### DATA FOR ANALYSIS
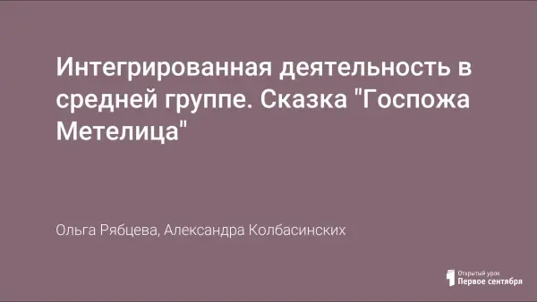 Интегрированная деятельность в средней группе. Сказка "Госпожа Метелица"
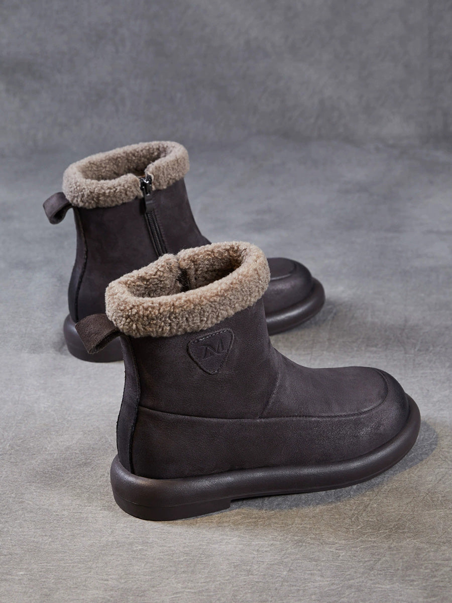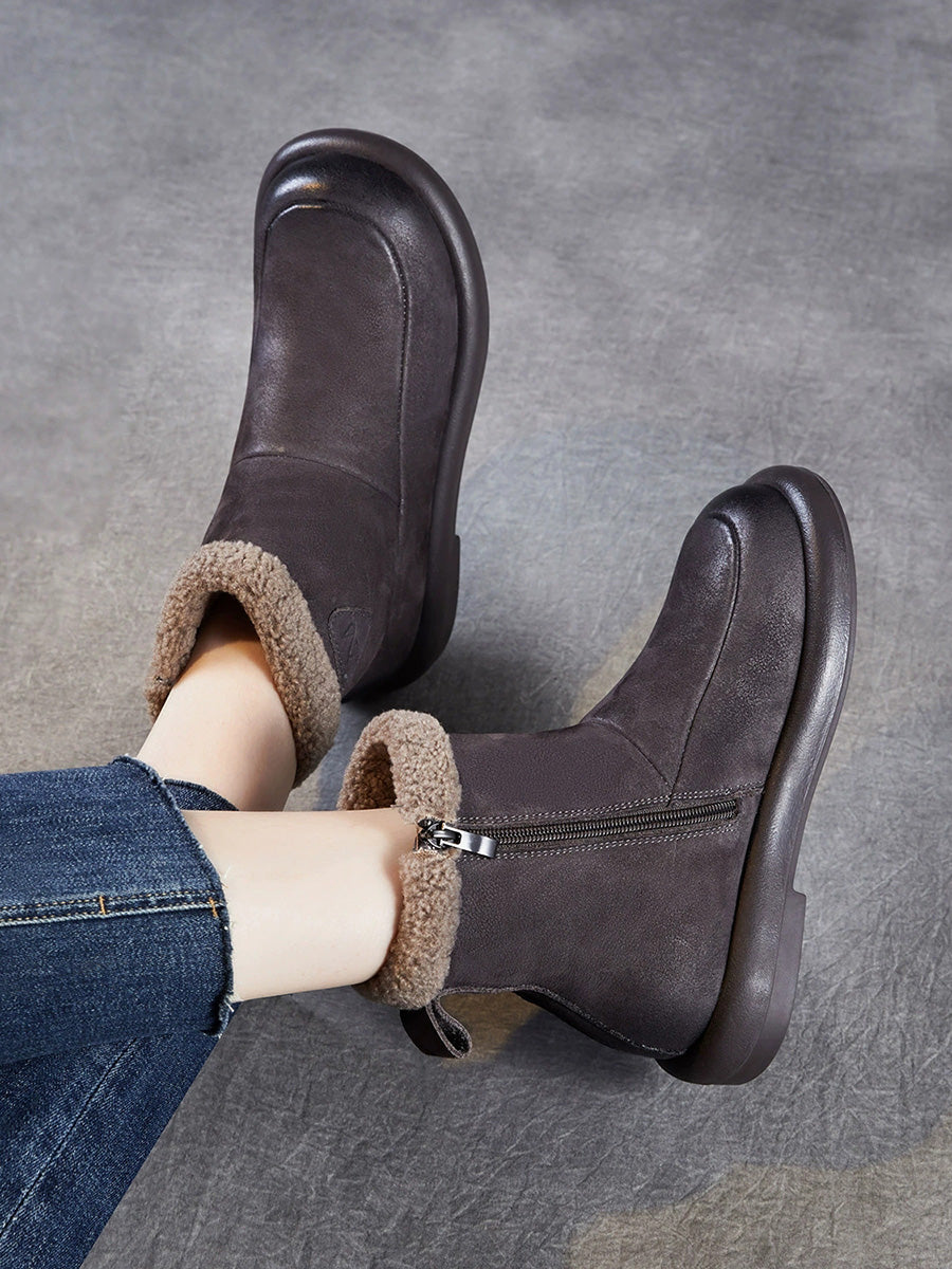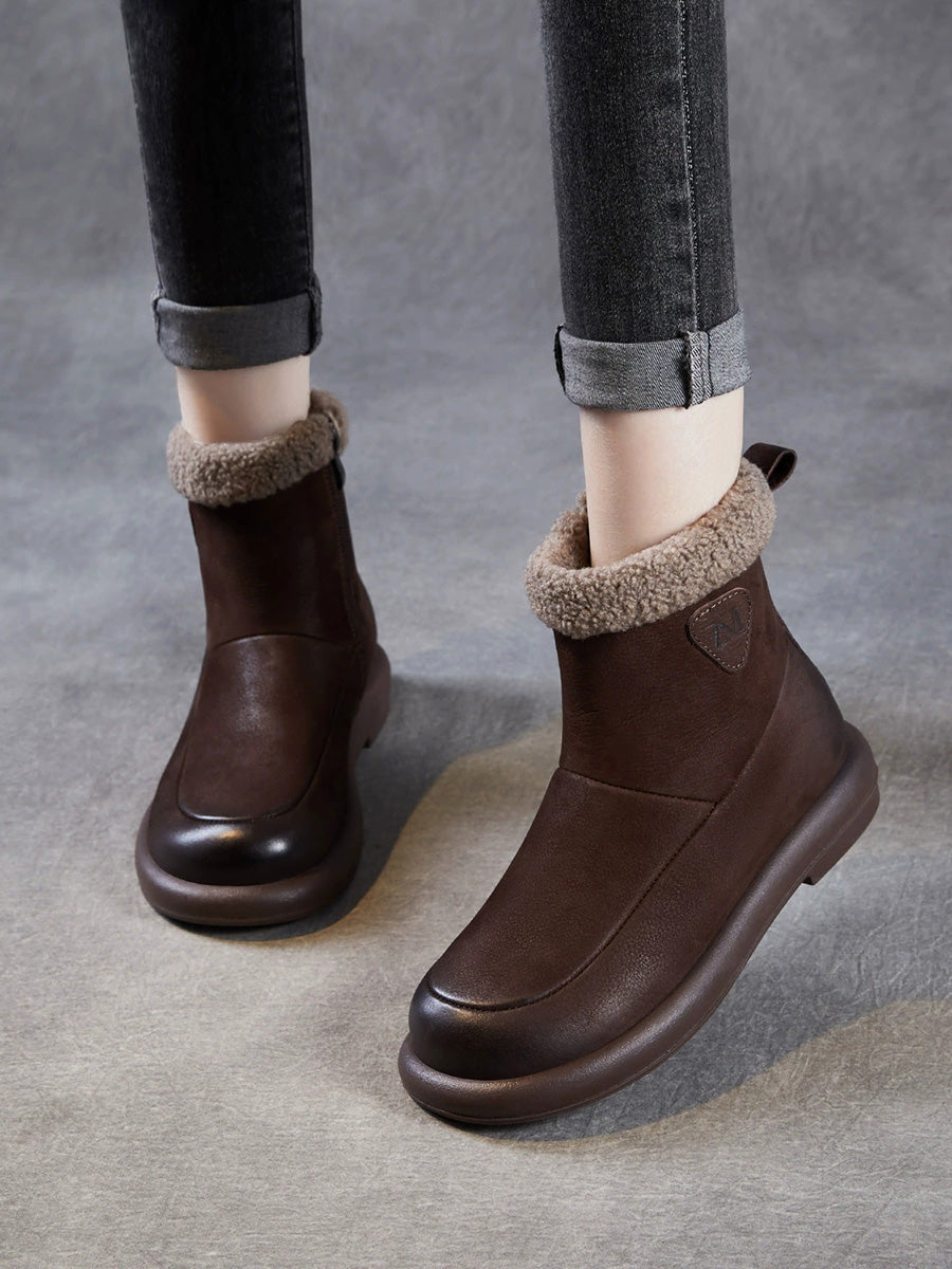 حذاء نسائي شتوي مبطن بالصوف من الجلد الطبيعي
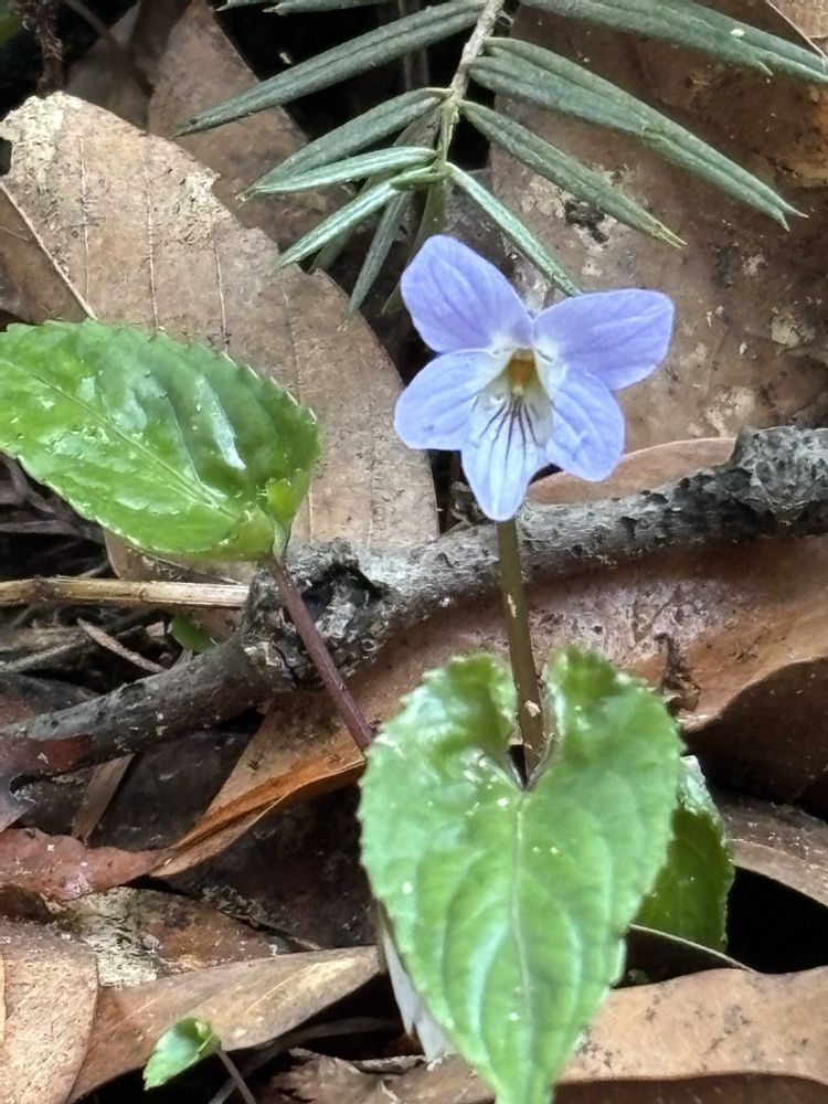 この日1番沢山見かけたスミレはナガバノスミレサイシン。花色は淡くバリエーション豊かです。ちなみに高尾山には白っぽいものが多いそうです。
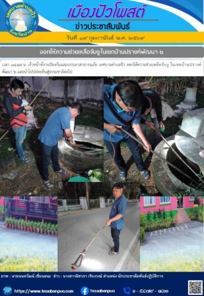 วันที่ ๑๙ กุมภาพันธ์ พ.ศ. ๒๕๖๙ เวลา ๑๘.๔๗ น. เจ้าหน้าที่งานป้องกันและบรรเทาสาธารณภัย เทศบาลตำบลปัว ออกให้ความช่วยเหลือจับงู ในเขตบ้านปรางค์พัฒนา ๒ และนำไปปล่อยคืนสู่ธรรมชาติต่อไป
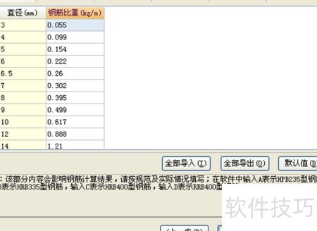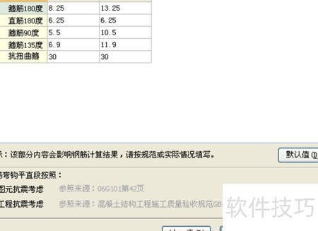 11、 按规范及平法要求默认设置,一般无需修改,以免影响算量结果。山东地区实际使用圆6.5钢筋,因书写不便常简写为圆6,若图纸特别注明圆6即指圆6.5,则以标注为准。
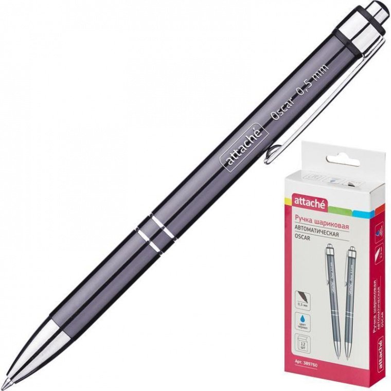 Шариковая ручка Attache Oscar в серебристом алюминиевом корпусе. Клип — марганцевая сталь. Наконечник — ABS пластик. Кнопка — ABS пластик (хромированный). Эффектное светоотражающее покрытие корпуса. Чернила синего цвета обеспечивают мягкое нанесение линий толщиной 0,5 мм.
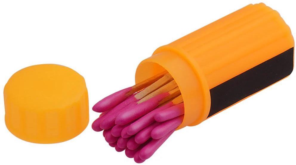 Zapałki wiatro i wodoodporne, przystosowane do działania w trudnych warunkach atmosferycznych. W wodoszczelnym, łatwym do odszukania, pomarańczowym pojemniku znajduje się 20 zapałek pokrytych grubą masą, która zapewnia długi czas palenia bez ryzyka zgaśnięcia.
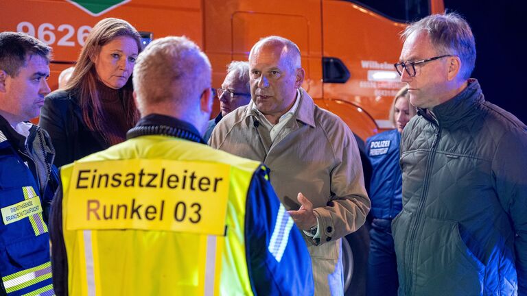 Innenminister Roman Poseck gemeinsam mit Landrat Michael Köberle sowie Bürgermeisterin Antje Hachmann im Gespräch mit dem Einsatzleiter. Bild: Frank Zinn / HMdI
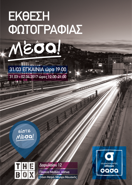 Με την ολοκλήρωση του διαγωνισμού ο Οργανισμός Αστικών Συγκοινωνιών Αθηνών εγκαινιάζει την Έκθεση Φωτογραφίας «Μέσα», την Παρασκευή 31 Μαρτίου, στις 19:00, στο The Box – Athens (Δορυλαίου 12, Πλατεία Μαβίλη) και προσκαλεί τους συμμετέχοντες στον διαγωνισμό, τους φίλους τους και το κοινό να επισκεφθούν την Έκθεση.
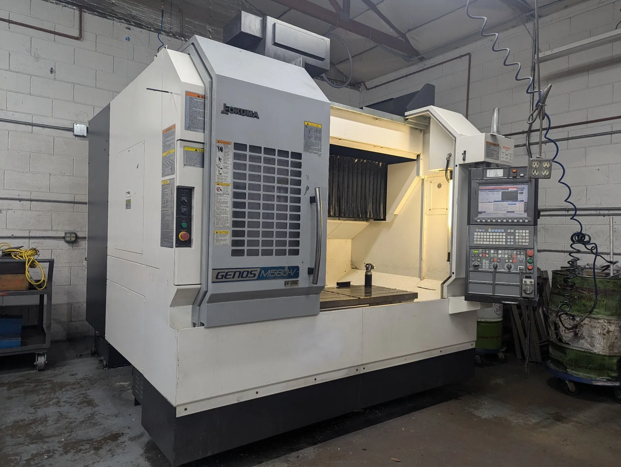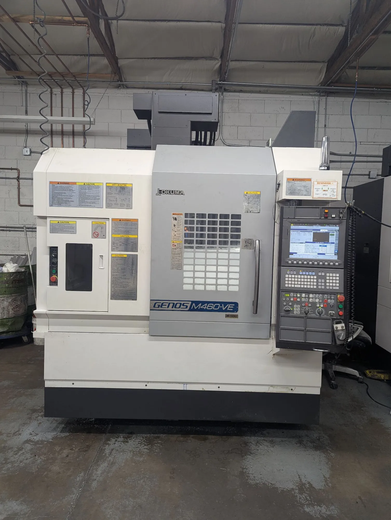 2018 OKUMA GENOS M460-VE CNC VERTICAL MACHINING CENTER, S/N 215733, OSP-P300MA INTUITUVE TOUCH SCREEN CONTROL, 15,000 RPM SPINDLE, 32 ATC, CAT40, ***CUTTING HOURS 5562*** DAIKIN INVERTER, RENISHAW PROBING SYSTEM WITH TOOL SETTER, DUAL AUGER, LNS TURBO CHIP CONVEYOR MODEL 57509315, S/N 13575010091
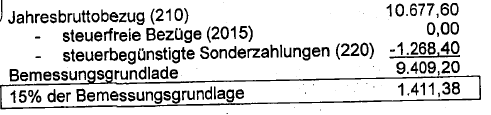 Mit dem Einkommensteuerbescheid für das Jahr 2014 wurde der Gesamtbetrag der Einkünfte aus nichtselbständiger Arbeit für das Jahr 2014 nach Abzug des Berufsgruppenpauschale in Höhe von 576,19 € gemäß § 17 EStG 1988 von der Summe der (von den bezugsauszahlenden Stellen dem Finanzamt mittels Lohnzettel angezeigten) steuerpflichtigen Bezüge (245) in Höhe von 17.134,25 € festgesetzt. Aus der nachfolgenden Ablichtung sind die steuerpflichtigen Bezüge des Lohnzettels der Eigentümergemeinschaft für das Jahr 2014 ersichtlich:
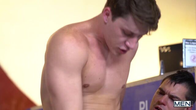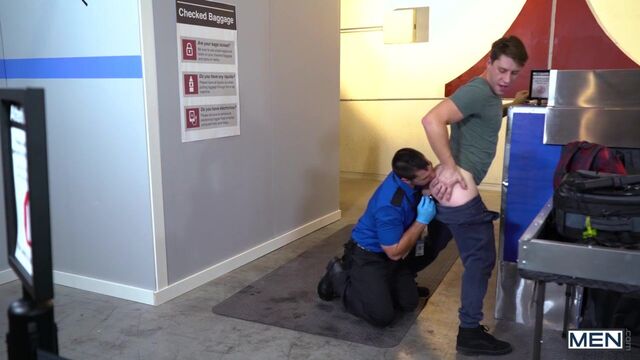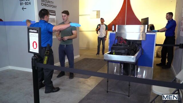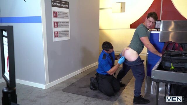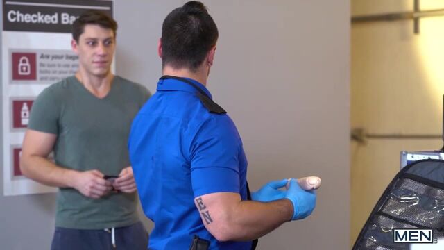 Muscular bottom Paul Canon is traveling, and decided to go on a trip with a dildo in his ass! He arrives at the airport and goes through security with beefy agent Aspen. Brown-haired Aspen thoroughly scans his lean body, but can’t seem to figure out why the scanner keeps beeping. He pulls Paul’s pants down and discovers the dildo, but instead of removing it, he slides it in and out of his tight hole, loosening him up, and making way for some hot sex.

### TASK ITEM
Give back exactly the lines of the listing above from the one that contains "Zapałki wiatro i" up to and including the one that contains "Innenminister Roman Poseck", but not the pictures, and no other lines.

### EXERCISE OUTPUT
 Zapałki wiatro i wodoodporne, przystosowane do działania w trudnych warunkach atmosferycznych. W wodoszczelnym, łatwym do odszukania, pomarańczowym pojemniku znajduje się 20 zapałek pokrytych grubą masą, która zapewnia długi czas palenia bez ryzyka zgaśnięcia.
 Innenminister Roman Poseck gemeinsam mit Landrat Michael Köberle sowie Bürgermeisterin Antje Hachmann im Gespräch mit dem Einsatzleiter. Bild: Frank Zinn / HMdI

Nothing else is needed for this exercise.